### Excerpted data

________________________________________

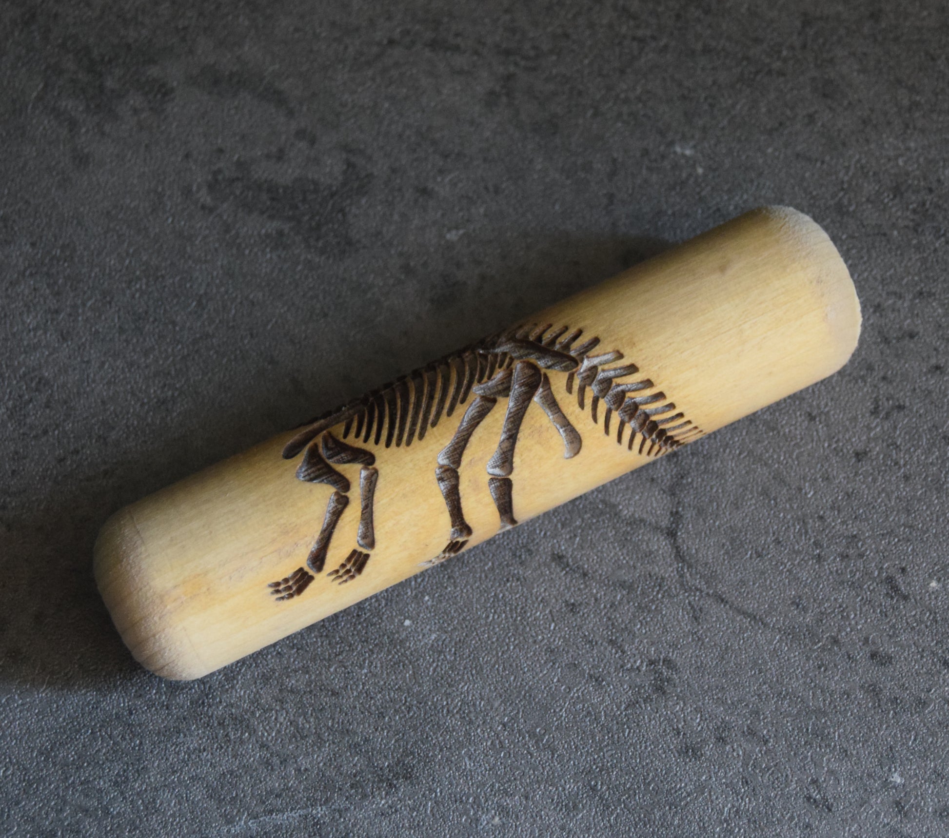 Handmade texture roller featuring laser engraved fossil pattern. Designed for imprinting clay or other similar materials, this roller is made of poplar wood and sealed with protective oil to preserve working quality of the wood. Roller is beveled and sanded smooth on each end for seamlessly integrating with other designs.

________________________________________

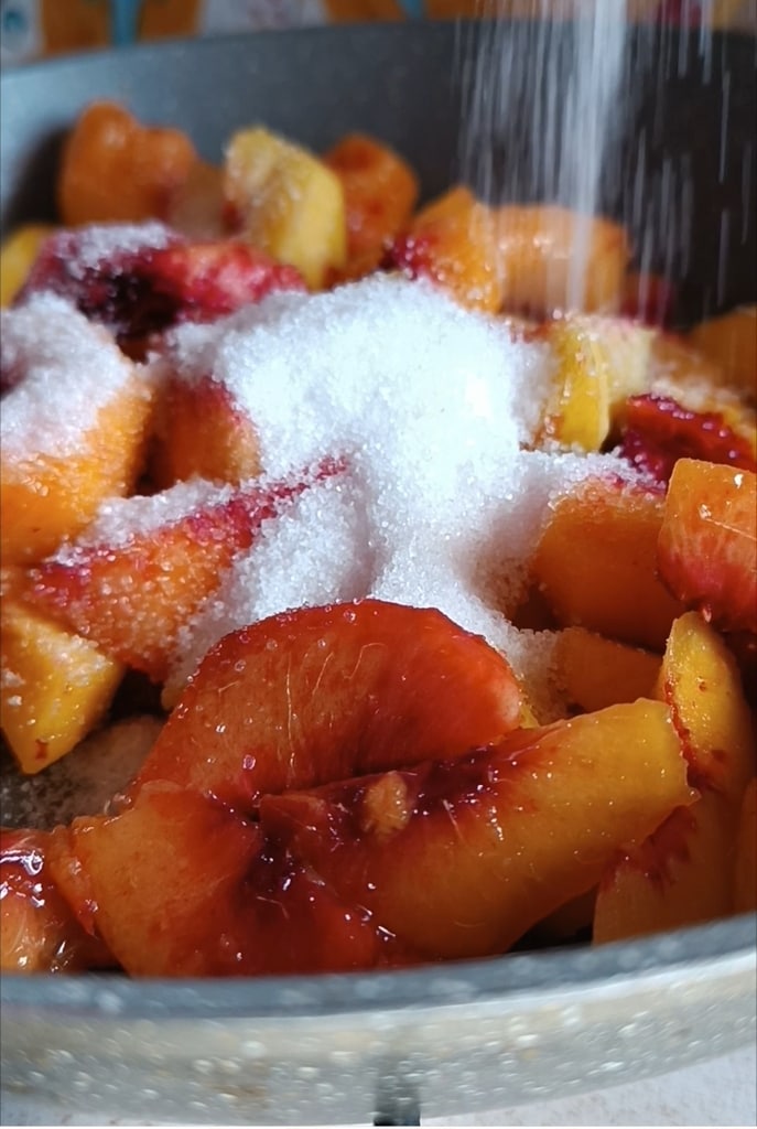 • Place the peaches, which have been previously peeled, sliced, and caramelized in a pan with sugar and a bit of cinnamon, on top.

________________________________________

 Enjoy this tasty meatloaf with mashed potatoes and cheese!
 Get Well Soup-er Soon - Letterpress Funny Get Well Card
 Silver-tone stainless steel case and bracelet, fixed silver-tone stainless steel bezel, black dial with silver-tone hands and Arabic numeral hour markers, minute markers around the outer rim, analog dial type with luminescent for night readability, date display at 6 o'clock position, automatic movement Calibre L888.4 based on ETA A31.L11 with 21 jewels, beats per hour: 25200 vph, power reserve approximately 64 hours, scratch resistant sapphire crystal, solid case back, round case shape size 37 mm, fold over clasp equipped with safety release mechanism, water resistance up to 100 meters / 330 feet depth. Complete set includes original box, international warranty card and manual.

________________________________________

### Exercise requirements
Using the entries above, return exactly the lines from the line with "Enjoy this tasty" to the line with "Get Well Soup-er", counting both of those lines.

### Solution below
 Enjoy this tasty meatloaf with mashed potatoes and cheese!
 Get Well Soup-er Soon - Letterpress Funny Get Well Card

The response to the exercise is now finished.